Blocks retrieved 10000
2,626,416 allocated, in 18716 blocks
(gdb) cont
>>> import sys
(gdb) heap label "after 'import sys'"
Blocks retrieved 10000
2,626,688 allocated, in 18720 blocks

heap log shows you all such named snapshots:

(gdb) heap log
Label 2 ""after 'import sys'"" at 2010-09-16 18:01:17.879123
     2,626,688 allocated, in 18720 blocks

     +272 bytes, +4 blocks

Label 1 ""about to 'import sys'"" at 2010-09-16 17:55:17.030709
     2,626,416 allocated, in 18716 blocks

heap diff allows you to compare dynamic memory allocations between two different states: either those in the log, or with the current state.

(gdb) heap diff
Blocks retrieved 10000
Changes from "about to 'import sys'" to current
   +272 bytes, +4 blocks

  Free-d blocks:
    0x0000000000602010 -> 0x000000000060206f       96 bytes Category(domain='uncategorized', kind='', detail='96 bytes') |00 00 00 00 00 00 00 00 a0 20 60 00 00 00 00 00 50 01 62 00 |......... `.....P.b.|
    0x0000000000602070 -> 0x000000000060209f       48 bytes Category(domain='uncategorized', kind='', detail='48 bytes') |01 00 00 00 80 00 00 00 00 00 00 00 00 00 00 00 00 00 00 00 |....................|

You can use this in conjunction with breakpoints and stepping through the code to get a sense of how different parts of the program affect memory usage.

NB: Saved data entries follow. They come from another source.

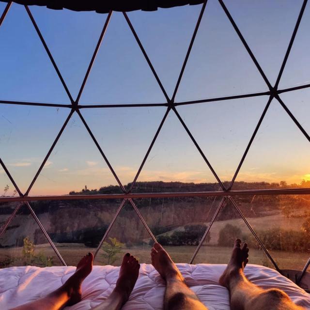 Authentische Lodges in Form eines umgekehrten Schiffsrumpfes, auf halbem Weg zwischen Chalet und Hütte. Hier können Sie sich in einer ruhigen Umgebung im Süden der Ardèche erholen. - Im Departement Tarn et Garonne an den Hängen des Quercy verfügt die Domaine de Massoulac über 3 Dômes für 2 bis 8 Personen.
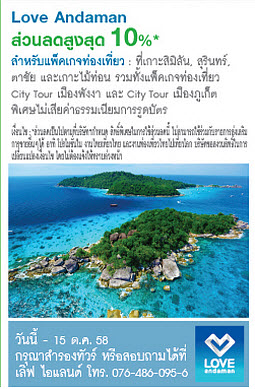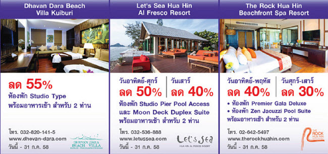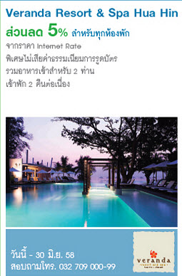 2. โปรโมชั่นส่วนลด 10% สำหรับแพคเกจท่องเที่ยวอันดามัน และส่วนลด 5% สำหรับจองห้องพักที่ Veranda Resort & Spa Hua Hin
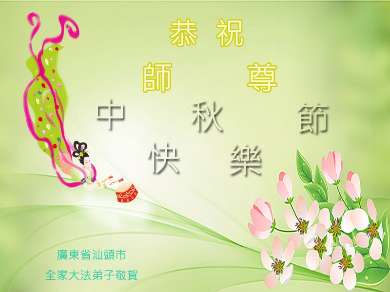 恭祝师父中秋节快乐! 广东恩平市一大法弟子携家人敬上 广东省汕头市全家大法弟子恭祝慈悲伟大的师尊中秋节快乐!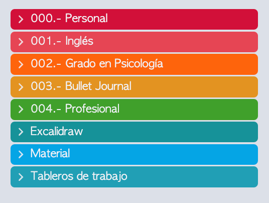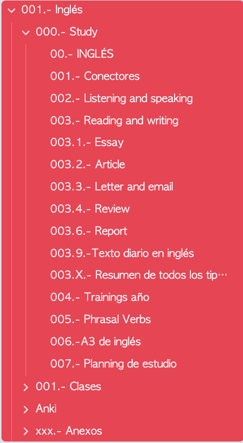 Estos son mis carpetas de trabajo dentro de mi bóveda, cada una de ellas contiene información sobre lo que yo necesito. En la actualidad me estos preparando para obtener una titulación inglés, es por ello que tengo una carpeta que contiene todo lo que necesito al respecto, os enseño:
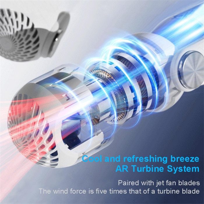 Equipado con este motor turbo sin escobillas AR con ventilador de cuello colgante, le brinda más experiencia de enfriamiento, el diseño mejorado puede mejorar el flujo de aire que circula, simplemente cuelgue el ventilador en el cuello para aliviar el calor del verano.

In addition to heap, gdb-heap also provides a hexdump command, to help you figure out what a block of data is being used for.

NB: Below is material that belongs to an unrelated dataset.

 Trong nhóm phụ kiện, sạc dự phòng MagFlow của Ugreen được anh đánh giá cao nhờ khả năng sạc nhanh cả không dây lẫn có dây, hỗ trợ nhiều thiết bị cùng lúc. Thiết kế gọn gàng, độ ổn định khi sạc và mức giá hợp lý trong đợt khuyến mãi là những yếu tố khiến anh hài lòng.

(gdb) hexdump 0x000000000360a810
0x000000000360a810 -> 0x000000000360a82f 00 00 00 43 00 00 86 60 00 00 00 3f 00 00 00 07 00 00 80 fc 00 00 00 10 00 00 00 64 00 00 00 08 |...C...`...?...............d....|
0x000000000360a830 -> 0x000000000360a84f 00 00 00 00 00 00 00 01 00 00 03 e8 00 00 00 06 00 00 00 02 00 00 00 01 00 00 03 e9 00 00 00 06 |................................|
0x000000000360a850 -> 0x000000000360a86f 00 00 00 10 00 00 00 01 00 00 03 ea 00 00 00 06 00 00 00 16 00 00 00 01 00 00 03 ec 00 00 00 09 |................................|

The output shows a split view, showing address ranges, hexadecimal values, and ASCII values, where printable ("." elsewhere).

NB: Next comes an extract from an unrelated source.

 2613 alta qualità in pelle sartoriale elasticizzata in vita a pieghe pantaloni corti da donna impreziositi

Showing all dynamic memory

"heap all" shows a detailed, low-level report on all dynamically-allocated chunks of memory. This is a simple loop through memory, typically showing you the large allocations first (implemented via "mmap"), then the smaller ones (implemented within the "sbrk" region).

It reports the start/end of each region, along with book-keeping information about the block.

This is likely to only be of use for debugging low-level problems.

(gdb) heap all
All chunks of memory on heap (both used and free)
0: 0x00007ffff08cd000 -> 0x00007ffff090dfff  inuse: 266240 bytes (<MChunkPtr chunk=0x7ffff08cd000 mem=0x7ffff08cd010 prev_size=0 IS_MMAPPED chunksize=266240 memsize=266224>)
1: 0x00007ffff7ea7000 -> 0x00007ffff7ee7fff  inuse: 266240 bytes (<MChunkPtr chunk=0x7ffff7ea7000 mem=0x7ffff7ea7010 prev_size=0 IS_MMAPPED chunksize=266240 memsize=266224>)
(copious output snipped)


There's a baseline of functionality that I'm developing on top of Fedora 13's gdb.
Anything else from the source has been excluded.